Bennett explained that while the national math program’s stated goal was bringing some 20 percent of Israeli students to studying advanced mathematics, the English program is meant to be broader and wider. The Director General of the Ministry, Shmuel Abuav, added the goal was reaching 70 percent of Israeli students who would study high and advanced English (4 and 5 units) within four years – a dramatic increase from the 61 percent of today.
The new program has three main components: It will see a shift of the education system’s focus from written to verbal skills, encouraging teachers and students to practice speaking at a higher level. It will encourage students to sit matriculation tests at 4 and 5 level units, reducing the number of students studying the minimum 3 units needed to graduate.
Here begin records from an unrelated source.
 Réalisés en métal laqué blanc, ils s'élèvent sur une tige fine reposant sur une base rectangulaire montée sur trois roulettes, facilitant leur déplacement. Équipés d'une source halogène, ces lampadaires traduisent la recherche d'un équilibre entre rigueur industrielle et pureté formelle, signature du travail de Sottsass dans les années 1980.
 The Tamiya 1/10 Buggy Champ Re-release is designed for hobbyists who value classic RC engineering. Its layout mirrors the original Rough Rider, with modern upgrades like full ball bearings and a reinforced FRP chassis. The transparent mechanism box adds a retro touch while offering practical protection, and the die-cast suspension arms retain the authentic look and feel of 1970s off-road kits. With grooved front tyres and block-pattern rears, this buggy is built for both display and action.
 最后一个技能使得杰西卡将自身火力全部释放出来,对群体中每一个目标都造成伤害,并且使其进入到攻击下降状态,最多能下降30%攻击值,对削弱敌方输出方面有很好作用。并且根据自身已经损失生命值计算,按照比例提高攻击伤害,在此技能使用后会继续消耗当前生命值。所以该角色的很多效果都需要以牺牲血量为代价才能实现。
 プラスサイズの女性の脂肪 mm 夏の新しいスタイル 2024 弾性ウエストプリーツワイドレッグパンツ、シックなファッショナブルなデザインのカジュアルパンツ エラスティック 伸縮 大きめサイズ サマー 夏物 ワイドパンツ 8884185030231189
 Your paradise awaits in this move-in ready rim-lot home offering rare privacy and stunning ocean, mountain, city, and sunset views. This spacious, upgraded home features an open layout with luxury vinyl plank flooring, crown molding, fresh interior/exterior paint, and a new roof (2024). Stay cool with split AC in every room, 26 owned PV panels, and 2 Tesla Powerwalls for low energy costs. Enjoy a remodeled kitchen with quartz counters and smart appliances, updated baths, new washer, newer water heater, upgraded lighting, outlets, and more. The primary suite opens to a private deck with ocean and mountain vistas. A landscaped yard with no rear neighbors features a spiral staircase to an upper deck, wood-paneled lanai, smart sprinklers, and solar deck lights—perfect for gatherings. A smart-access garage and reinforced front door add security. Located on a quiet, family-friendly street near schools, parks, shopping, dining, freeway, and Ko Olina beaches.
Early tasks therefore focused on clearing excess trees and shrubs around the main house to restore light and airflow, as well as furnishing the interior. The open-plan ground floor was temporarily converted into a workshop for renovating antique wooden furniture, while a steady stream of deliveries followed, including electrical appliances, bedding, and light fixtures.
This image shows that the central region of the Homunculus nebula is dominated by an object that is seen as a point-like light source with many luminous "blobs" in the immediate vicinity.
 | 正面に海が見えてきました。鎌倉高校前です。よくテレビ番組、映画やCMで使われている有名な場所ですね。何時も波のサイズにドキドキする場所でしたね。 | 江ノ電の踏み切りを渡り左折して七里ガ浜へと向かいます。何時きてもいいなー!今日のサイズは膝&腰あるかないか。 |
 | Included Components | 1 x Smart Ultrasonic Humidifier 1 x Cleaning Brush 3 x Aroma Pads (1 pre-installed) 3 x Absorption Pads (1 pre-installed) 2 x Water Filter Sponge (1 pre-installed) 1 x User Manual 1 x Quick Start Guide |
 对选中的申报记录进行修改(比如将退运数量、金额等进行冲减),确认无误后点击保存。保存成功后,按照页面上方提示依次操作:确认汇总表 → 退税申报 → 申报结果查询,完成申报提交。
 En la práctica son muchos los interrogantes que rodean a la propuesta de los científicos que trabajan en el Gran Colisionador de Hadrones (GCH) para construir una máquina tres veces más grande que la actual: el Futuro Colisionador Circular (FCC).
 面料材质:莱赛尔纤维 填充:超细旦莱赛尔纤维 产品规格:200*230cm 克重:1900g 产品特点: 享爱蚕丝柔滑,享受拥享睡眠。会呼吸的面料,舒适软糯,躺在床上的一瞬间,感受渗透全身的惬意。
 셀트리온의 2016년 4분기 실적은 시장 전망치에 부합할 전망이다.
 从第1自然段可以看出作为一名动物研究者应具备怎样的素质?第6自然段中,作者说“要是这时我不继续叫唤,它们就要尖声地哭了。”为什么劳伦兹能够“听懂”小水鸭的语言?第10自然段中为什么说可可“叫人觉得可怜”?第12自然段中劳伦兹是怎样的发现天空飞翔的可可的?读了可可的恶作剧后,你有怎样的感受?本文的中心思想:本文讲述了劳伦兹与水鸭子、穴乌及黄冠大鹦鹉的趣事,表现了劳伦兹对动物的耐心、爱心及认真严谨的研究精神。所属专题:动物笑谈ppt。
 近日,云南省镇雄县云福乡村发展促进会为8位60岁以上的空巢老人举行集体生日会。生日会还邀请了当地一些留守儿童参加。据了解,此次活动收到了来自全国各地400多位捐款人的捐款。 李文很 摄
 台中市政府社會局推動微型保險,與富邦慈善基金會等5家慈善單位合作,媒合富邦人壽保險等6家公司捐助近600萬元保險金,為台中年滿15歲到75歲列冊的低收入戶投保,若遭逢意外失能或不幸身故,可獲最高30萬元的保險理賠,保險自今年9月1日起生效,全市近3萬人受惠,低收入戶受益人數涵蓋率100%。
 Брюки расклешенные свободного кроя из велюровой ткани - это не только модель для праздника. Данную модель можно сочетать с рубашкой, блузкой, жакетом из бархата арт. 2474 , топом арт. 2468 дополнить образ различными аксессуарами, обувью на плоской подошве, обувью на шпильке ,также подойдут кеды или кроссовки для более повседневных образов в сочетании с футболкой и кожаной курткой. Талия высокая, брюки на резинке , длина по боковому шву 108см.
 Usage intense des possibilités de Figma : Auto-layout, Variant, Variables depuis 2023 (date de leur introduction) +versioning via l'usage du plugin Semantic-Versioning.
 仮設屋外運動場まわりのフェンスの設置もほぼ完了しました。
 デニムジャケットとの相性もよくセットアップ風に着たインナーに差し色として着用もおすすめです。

And, it will raise the quality of teaching by helping the teachers already in the system and injecting English-speakers into classrooms, as teachers and teacher assistants.
Among the practical steps revealed by Bennett and Abuav were the addition of classes dedicated to verbal skills, providing students with an opportunity to talk in English; integrating non-formal teaching methods such as public speaking and debating in 8th grade; and increasing the oral component of the final matriculation exam.
Abuav made it clear changing the exam was a vital part of the program, explaining once teachers knew their students would be assessed based on their spoken English they would make sure to emphasize it in the classroom. “The matriculation will change,” Abuav said. “Oral and spoken English will become a more substantial part of the exam – teachers will know their students will be tested on their ability to talk.”
The change will start “at the elementary school ages of grades 4-6, building English libraries and interactive computer and online elements in the schools,” Abuav added. “The goal is creating an arena for learning and studying outside the English classes.”
Bennett made it clear the launch was just the start; just as the successful mathematics program underwent changes in the two years of its implementation. “Today we are launching, but open to adapt and change.”